Rence Nemeh he is uniquely qualified for the position because of his experience in many student life sectors.

Junior Rence Nemeh plans to use his experience in “cross-campus student collaboration” experience to serve the Duke community as the next Duke Student Government president.

Nemeh, a candidate in the 2014 DSG presidential campaign, said that he is uniquely qualified for the position because of his experience in many student life sectors, including Duke University Improv, Duke University Union, Sabrosura, DefMo and DukeAfrica. He noted that these collaborations have given him a thorough understanding of the University.

“We need to break down what types of experience matter,” Nemeh said. “I collaborate with almost every inch of our campus and am the only candidate with these first-hand Duke perspectives.”

Nemeh emphasized the importance of his relationships with Duke administrators, especially Dean of Students Sue Wasiolek.

“I have both co-hosted theater departmental shows with Dean Sue and yelled at her in Sabro promo videos, but at the end of the day we are just two pickles in a jar,” Nemeh said. “A jar large enough to fit only two pickles, so we’re pretty close.”

In the future, Nemeh said he would like to see the relationship between DSG and the student body change, allowing for more open discussion and accessibility. He said the DSG president should take responsibility for students’ rights and represent their interests.

“I would like to see DSG...as a resource for students and not an ambiguous entity of suits in a room,” Nemeh said.I would enthusiastically open executive office hours, give out my personal number and be on call 24/7 and continue to attend and collaborate with as many student organizations, events and causes year-round.”

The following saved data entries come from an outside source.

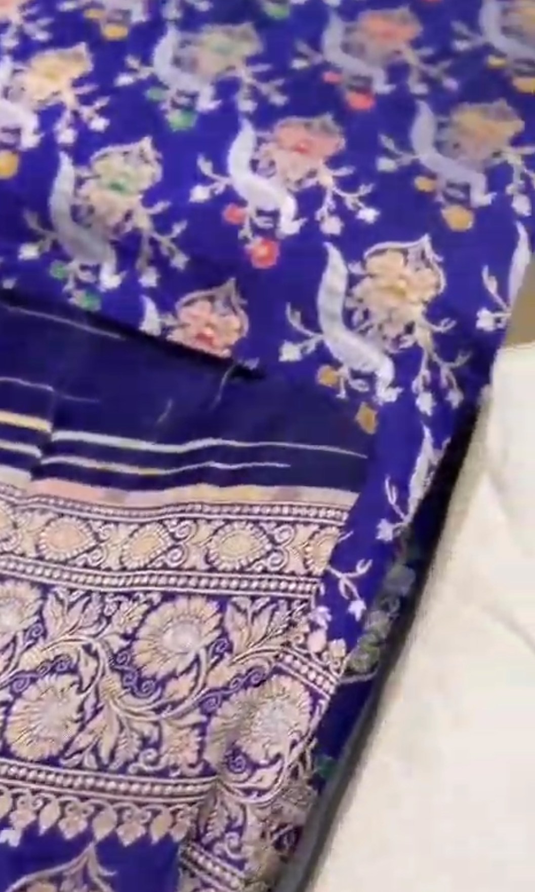 Royal Blue Banarasi Handloom Katan Silk Meenakari Saree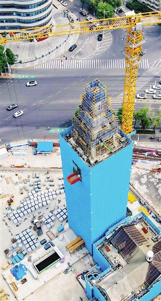 昨日,五大道公园项目标志性钟楼顺利结顶。 本报记者 吴迪 摄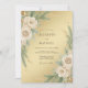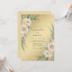 Un fond doré scintillant fournit une base luxueuse pour ce design saisonnier. Des roses crème délicates sont disposées avec art avec des aiguilles de pin vert sauge hivernal et des branches de cèdre pour créer une esthétique botanique sophistiquée. Cette palette métallique mélange la chaleur avec des éléments floraux doux pour une atmosphère formelle et opulente.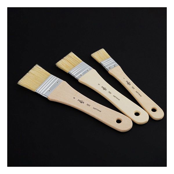 • Плоские кисти — идеальны для нанесения широких мазков, закрашивания больших поверхностей и создания текстуры.
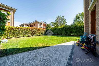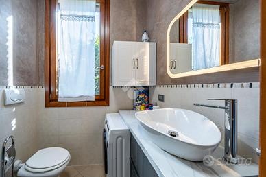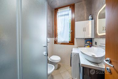 Completano l'immobile una comoda cantina e un giardino di circa 250 mq, gestito da impianto d'irrigazione con acqua proveniente da un pozzo condominiale che garantisce un notevole risparmio economico. Viene fornito anche di un robot tagliaerba dotato di sistema di delimitazione delle aree da tagliare impostabile anche da remoto.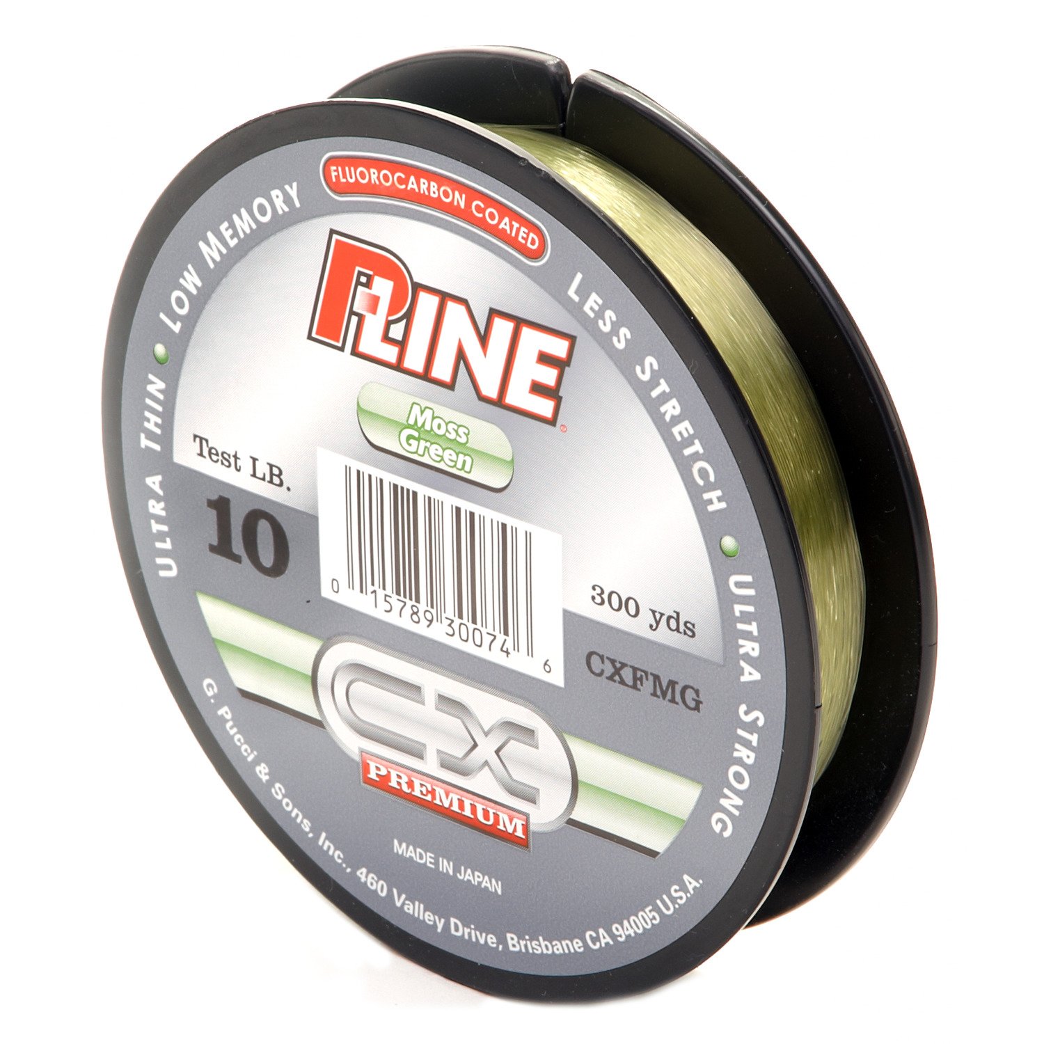 The P-Line® CX Premium 10 lb. - 300 yards Fluorocarbon Fishing Line features low memory and limpness to eliminate tangles on spinning reels and improve casting distance on baitcasting reels. The fluorocarbon-silicone coating virtually eliminates water absorption so cold water and weather have little effect on line performance, and low stretch helps you feel fish biting.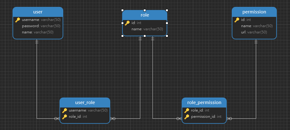 - 核心关联逻辑:用户 ↔ 角色(多对多)、角色 ↔ 权限(多对多);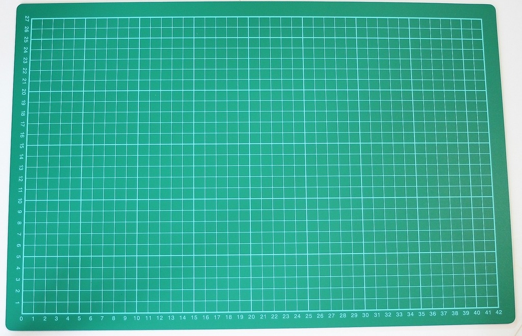 Rozmiar 450 x 300 x 3 mm. Powierzchnia maty jest odporna na przecięcia. Składa się z trzech warstw. Posiada podziałkę centymetrową.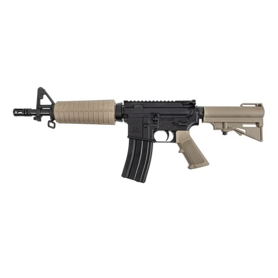 Barrel: 10.5″ Chrome Moly steel Nitride coated barrel. Chambered in 5.56 NATO, with a 1/7 twist, M4 barrel extension, and a carbine-length gas system. The barrel is finished off with a classic handguard, .750 F-Marked gas sight base, and A2 flash hider.

One of the most significant issues currently facing Duke students is the noise and inconvenience caused by West Campus renovations, Nemeh said. He suggested that students work around the temporary construction and realize that the benefits will eventually outweigh the costs.

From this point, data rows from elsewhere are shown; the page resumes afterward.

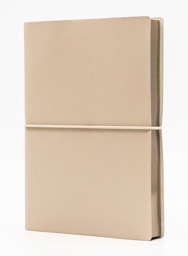 М'яка обкладинка щоденника надійно захищає його від вологи і пошкоджень і забезпечує його гнучкість і зручність у використанні. Блокнот закривається за допомогою круглої фірмової фіксуючої резинки. Для її розміщення на обкладинці передбачений спеціальний виріз, що надає записнику елегантний і нестандартний вигляд. Зріз щоденника прикрашає фольгування у колір обкладинки.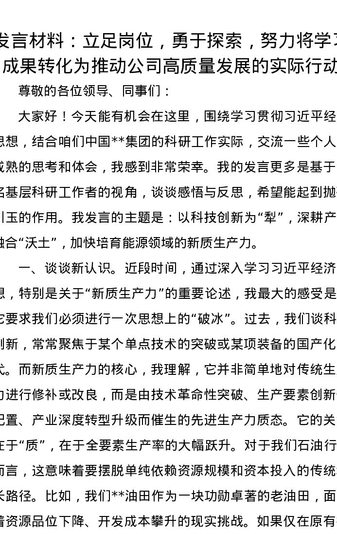 发言材料:立足岗位,勇于探索,努力将学习成果转化为推动公司高质量发展的实际行动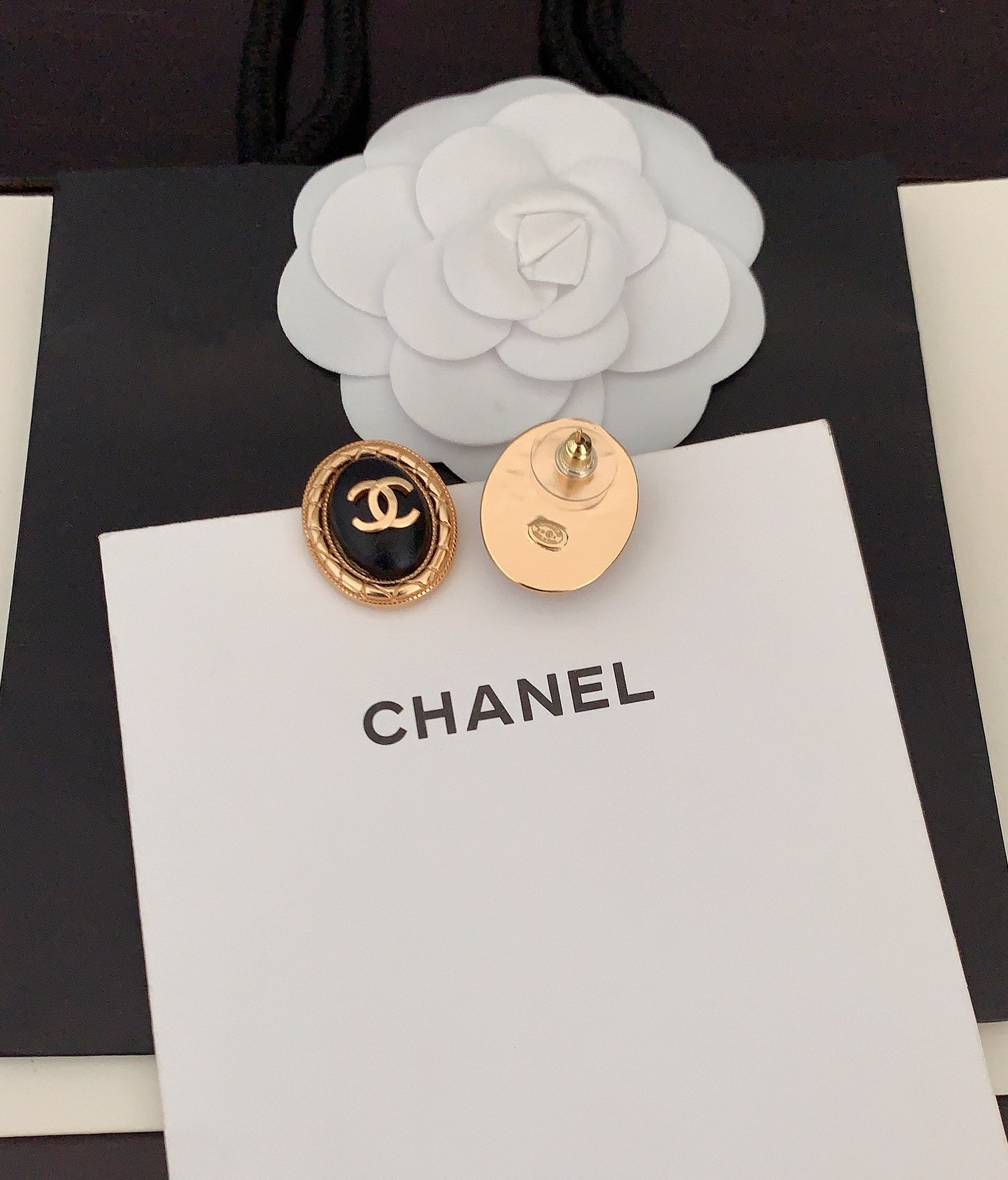18K CC Oval Leather Earrings
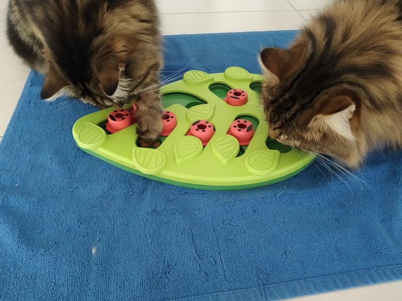 Simba se lassait vite de tous ses jouets… mais là c’est différent ! On sent qu’il est stimulé mentalement et physiquement, c’est génial. Je peux plus le laisser un jour sans ce jouet !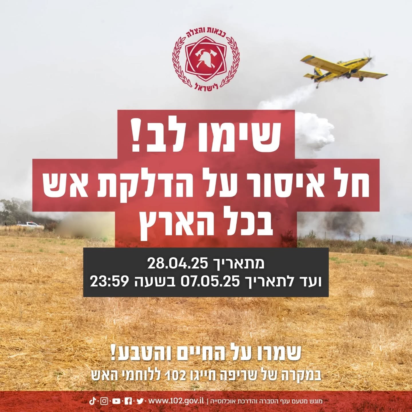 בשל תנאים קיצוניים המעלים את הסבירות להתפתחות שריפות והתפשטותן, נציב כבאות והצלה לישראל, רב טפסר אייל כספי, חתם על צו איסור הדלקת מדורות והבערת אש בכל הארץ החל מאתמול (28.4.2025) ועד לתאריך 07.5.2025 בחצות.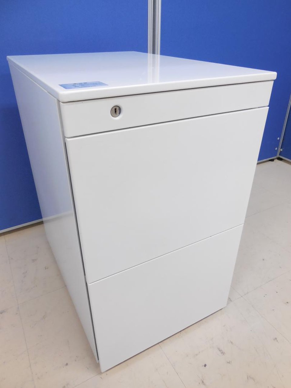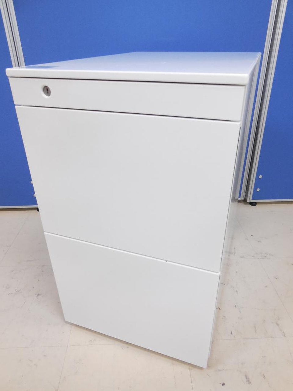 ☆H650mm!【スタイリッシュなデザインで使いやすい!】■オカムラ製 3段ワゴン ネオホワイト フロント把手 シリンダー錠 ■A4サイズのファイルもたっぷり収納できる!【ハイワゴン】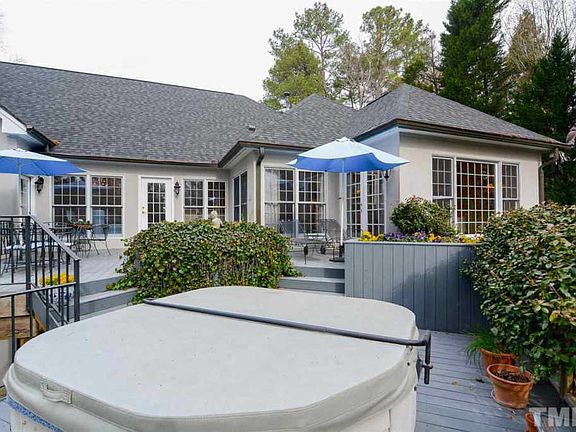 Immaculate 2 acre wooded estate home located in pristine North Raleigh location near top private school and hospital. 15 min to RTP & RDU. Over $300K in upgrades! Elegant designer features such as marble fireplace. Gourmet kitchen with center island, 6 burner gas cooktop, & double ovens. Master suite offers picture window along with custom designed bathroom with vaulted ceiling & skylight. Stunning 2 tier deck with hot tub overlooking the lush backyard. Full finished walk out basement. City Sewers!

“By pushing to maximize student spaces in the future West Union, actively seeking student input on current dining options and finding a cute nickname for the Chapel Crane, I will make the best out of the renovations process,” Nemeh said.

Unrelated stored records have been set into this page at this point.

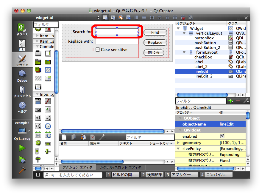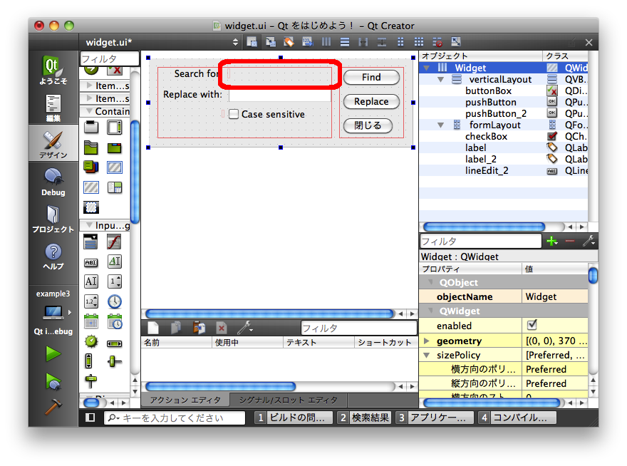 はじめに、上記で作成したフォームから "Search For" 用の LineEdit を削除します。この LineEdit を選択し「Del」キーか「Backspace」キー、もしくはそれに相当するキーを押してください。ウィジェットの削除はメニューの「編集」→「削除」やコンテキストメニューの「削除」でも可能です。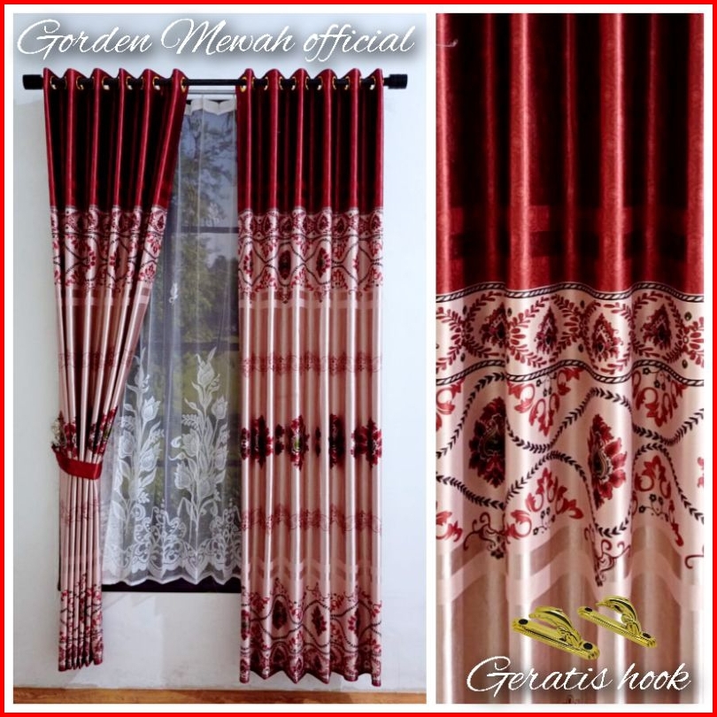 Gorden Jendela Kamar Motif Tulip Mewah Bahan Kain Blackout Import Tebal Model Semokring L 140 Cm T 230 Cm Terbaru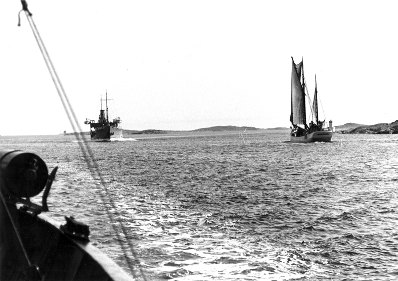 HM Hjvb 384:s resa. På gång i Göteborgs södra skärgård med Soya IV som eskorterat fartyg. Th Dansö. Fil Gunnar Jonssons undersökningsresa till västkusten juni 1940.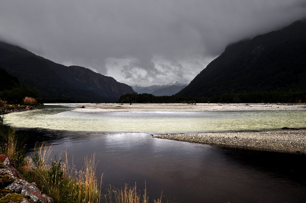 Les rivières puissantes qui dévalent des Andes vers le Pacifique s'étalent parfois dans d'anciennes vallées glaciaires.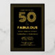 Un luxueux invitation de fête du 50ème anniversaire avec un design de typographie rétro rétro glamour en papier et noir. Fêtez votre grande journée avec cette invitation moderne et élégante en papier d'aluminium. Sois Cinquante et fabuleux !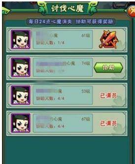 召唤出心魔后,玩阿基不要急着挑战,而是要等着公会的成员协助帮你挑战心魔。玩家最多可以获得4位公会玩家的协助,协助的玩家越多,挑战心魔成功率也高。击败心魔后,玩家和其他协助者都可以获得奖励。

Nemeh has a student-centered position on the 40 Percent Plan, a hot-button issue for many undergraduates. He noted that DSG should ultimately support student opinions and debate on the issue and should reform the Student Organization Finance Committee power carefully.

If elected, Nemeh said he will bring new ideas and perspectives to DSG, including his recommendation to plant a time capsule on the Main Quad for students to write letters for the Class of 2020. Although he does not have significant DSG experience, his relationships with many varied student groups will allow him to represent the University fairly.

“I want to challenge the social constructs we have of what a leader is supposed to look and sound like on campus,” Nemeh said. “While no candidate this year is the typical candidate with years of DSG experience, I am uniquely prepared and confident to represent our campus.”

Maha Houssami, professor of Asian and Middle Eastern studies, said Nemeh will be an unconventional but valuable addition to DSG.

“He’s a hot mess,” Houssami said.

Junior Zeena Bhakta, a friend of Nemeh, said he is the most qualified candidate and will work hard in his position if elected.

“He has the most experience collaborating with all parts of campus first-hand and his energy is unmatched,” Bhakta said.